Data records
* * *

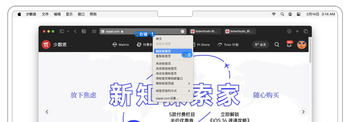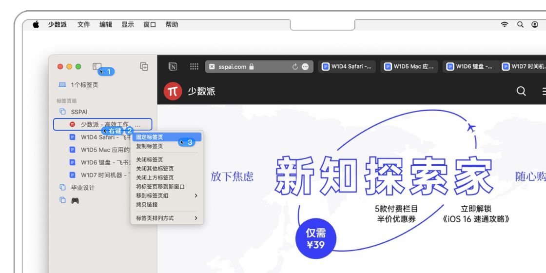 所有的标签页组都可以通过「固定标签页」功能来固定指定的网页,每次切换到该标签页组都会直接打开所有包含的固定标签页。通过 Safari 左上角的按钮,可以直接在各个标签页组之间进行切换,免去了打开侧边栏的麻烦。
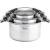 Ist beim Kochen neben Zeitersparnis auch Komfort gefragt, lohnt ein Blick auf den „Woll Concept Induction“-Topf. Der Aluguss-Kochtopf besitzt eine Plasma-Hartgrundbeschichtung und verhindert wie bei Pfannen mit Antihaftbeschichtung das Anbacken von Speisen bei allen Garszenarien, die ohne Zugabe von Fett auskommen. Laut ETM Testmagazin (Ausgabe 11/2014) nimmt Fleisch gleichmäßig Farbe an, ohne am Topfboden festzubacken – weshalb auch die anschließende Reinigung ein Kinderspiel ist. Etwas unangenehm bei nachlässiger Temperaturführung ist das Kochen von Reis: Bei zu viel Hitze kocht das Wasser leicht über und tritt zwischen Deckel und Topf aus. Allerdings ist der Bereich zwischen Topfwand und Griff eng und schwer zu reinigen, darin liegt eine Schwäche des Kochgeschirrs. Im Kontrast dazu steht die laut Test hervorragende Effizienz – eine Empfehlung für Hobbyköche, die auf die Schnelle eine Mahlzeit auf den Tisch bringen möchten.Drei Deckelpositionen: keine Spielerei, sondern sinnvolles Detail
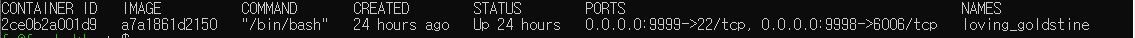 이제 $ docker ps 명령어를 사용하면 아까와는 다르게 생성된 container를 확인할 수 있습니다.
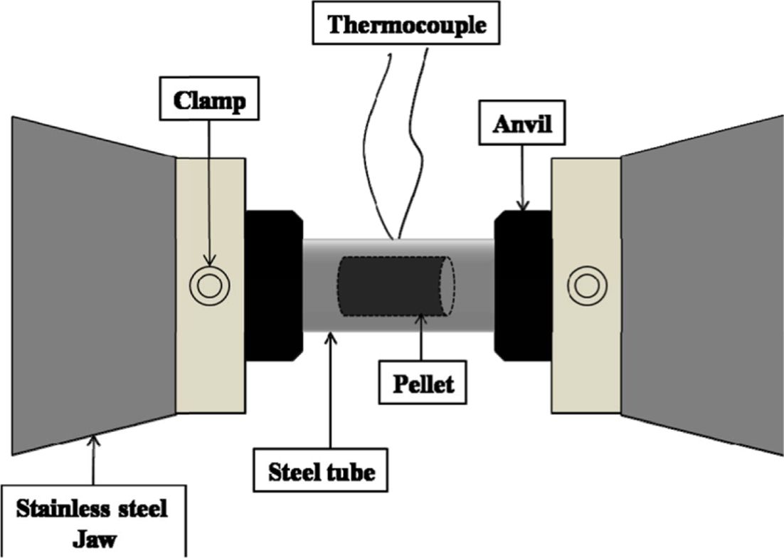 1500 시험 장치를 사용하였다. 압착된 Al-Ti-C 압분체는 steel tube 내부에 위치하여 시험 중 압분체가 손상되지 않도록 하였다.
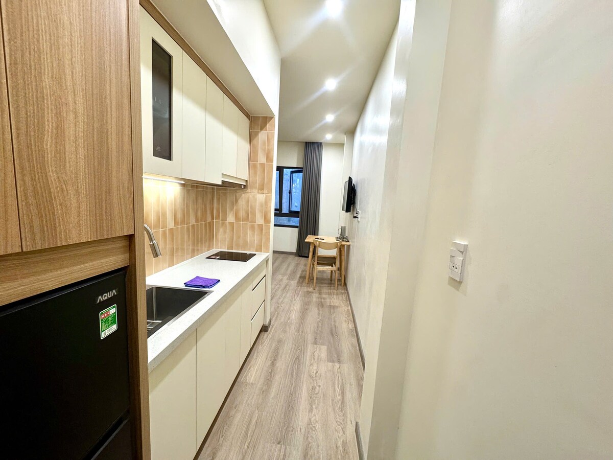 Welcome to our brand-new apartment in Thanh Khê District - a stylish and comfortable space designed for couples, business travelers, and expats, featuring a queen-size bed, a fully equipped private kitchen, a modern bathroom with rain shower, and a work-friendly desk. With warm wood tones, minimalist design, and plenty of natural air and light, the studio feels both relaxing and practical. Enjoy high-speed Wi-Fi, air conditioning, flat-screen TV, and a secure smart lock for flexible check-in.
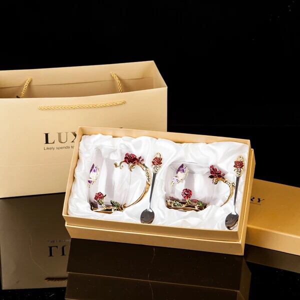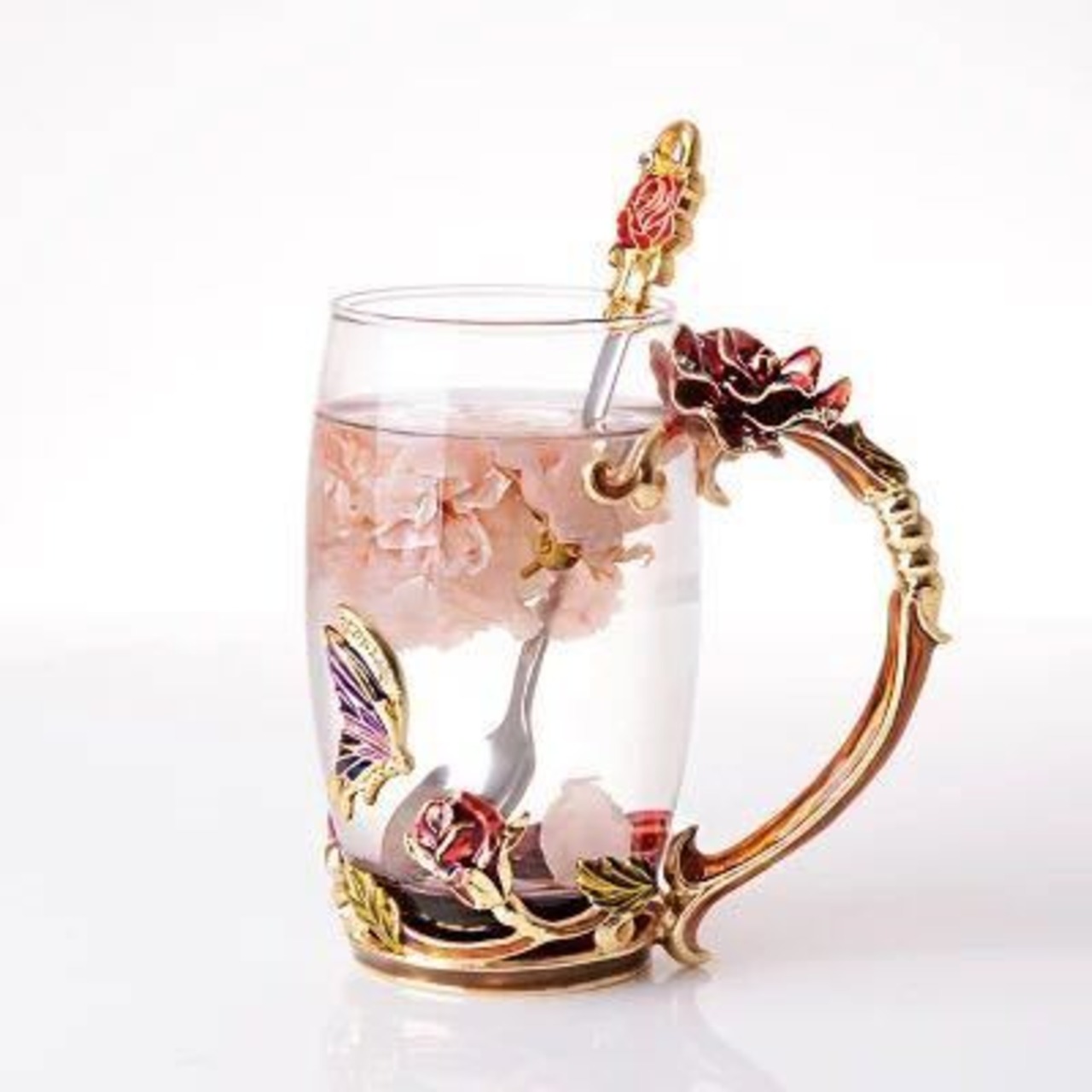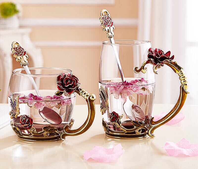 赤バラ ガラス製 ティーカップ 2客セット食器 コーヒーカップ おしゃれ

* * *

What the exercise asks -
Please quote the records above exactly, beginning at the line that contains "Welcome to our" and ending at their last line. Leave the pictures out.

Task answer -
 Welcome to our brand-new apartment in Thanh Khê District - a stylish and comfortable space designed for couples, business travelers, and expats, featuring a queen-size bed, a fully equipped private kitchen, a modern bathroom with rain shower, and a work-friendly desk. With warm wood tones, minimalist design, and plenty of natural air and light, the studio feels both relaxing and practical. Enjoy high-speed Wi-Fi, air conditioning, flat-screen TV, and a secure smart lock for flexible check-in.
 赤バラ ガラス製 ティーカップ 2客セット食器 コーヒーカップ おしゃれ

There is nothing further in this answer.